Publication Date
1-24-2023
Journal
Annual Review of Pathology: Mechanisms of Disease
DOI
10.1146/annurev-pathmechdis-031521-034145
PMID
36100231
PMCID
PMC10290758
PubMedCentral® Posted Date
1-24-2024
PubMedCentral® Full Text Version
Author MSS
Published Open-Access
yes
Keywords
Humans, Parkinson Disease, Mitochondria, Mutation, parkinsonism, oligogenic, functional genomics, heterogeneity, GBA, LRRK2, alpha-synuclein, synapse, lysosome, mitochondria
Abstract
Parkinson's disease (PD) is clinically, pathologically, and genetically heterogeneous, resisting distillation to a single, cohesive disorder. Instead, each affected individual develops a virtually unique form of Parkinson's syndrome.

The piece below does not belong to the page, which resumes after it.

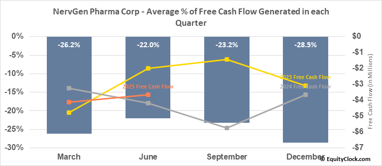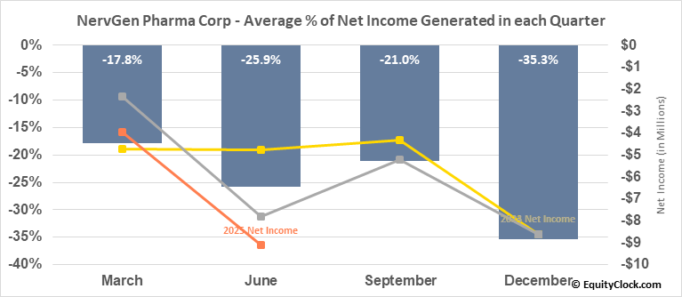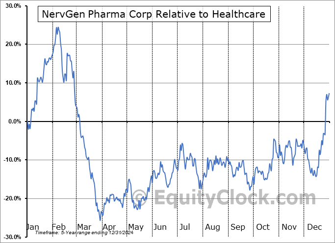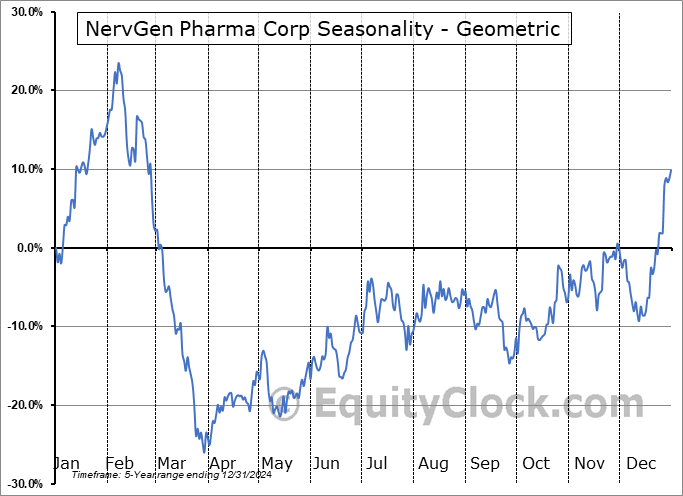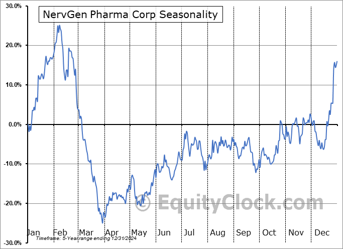 Analysis of the NervGen Pharma Corp (TSXV:NGEN.V) seasonal charts above shows that a Buy Date of September 26 and a Sell Date of February 9 has resulted in a geometric average return of 44.49% above the benchmark rate of the S&P 500 Total Return Index over the past 5 years. This seasonal timeframe has shown positive results compared to the benchmark in 5 of those periods. This is an excellent rate of success and the return strongly outperforms the relative buy-and-hold performance of the stock over the past 5 years by an average of 48.35% per year.

Clinical manifestations consist of variable motor and nonmotor features, and myriad overlaps are recognized with other neurodegenerative conditions. Although most commonly characterized by alpha-synuclein protein pathology throughout the central and peripheral nervous systems, the distribution varies and other pathologies commonly modify PD or trigger similar manifestations. Nearly all PD is genetically influenced. More than 100 genes or genetic loci have been identified, and most cases likely arise from interactions among many common and rare genetic variants. Despite its complex architecture, insights from experimental genetic dissection coalesce to reveal unifying biological themes, including synaptic, lysosomal, mitochondrial, andimmune-mediated mechanisms of pathogenesis. This emerging understanding of Parkinson's syndrome, coupled with advances in biomarkers and targeted therapies, presages successful precision medicine strategies.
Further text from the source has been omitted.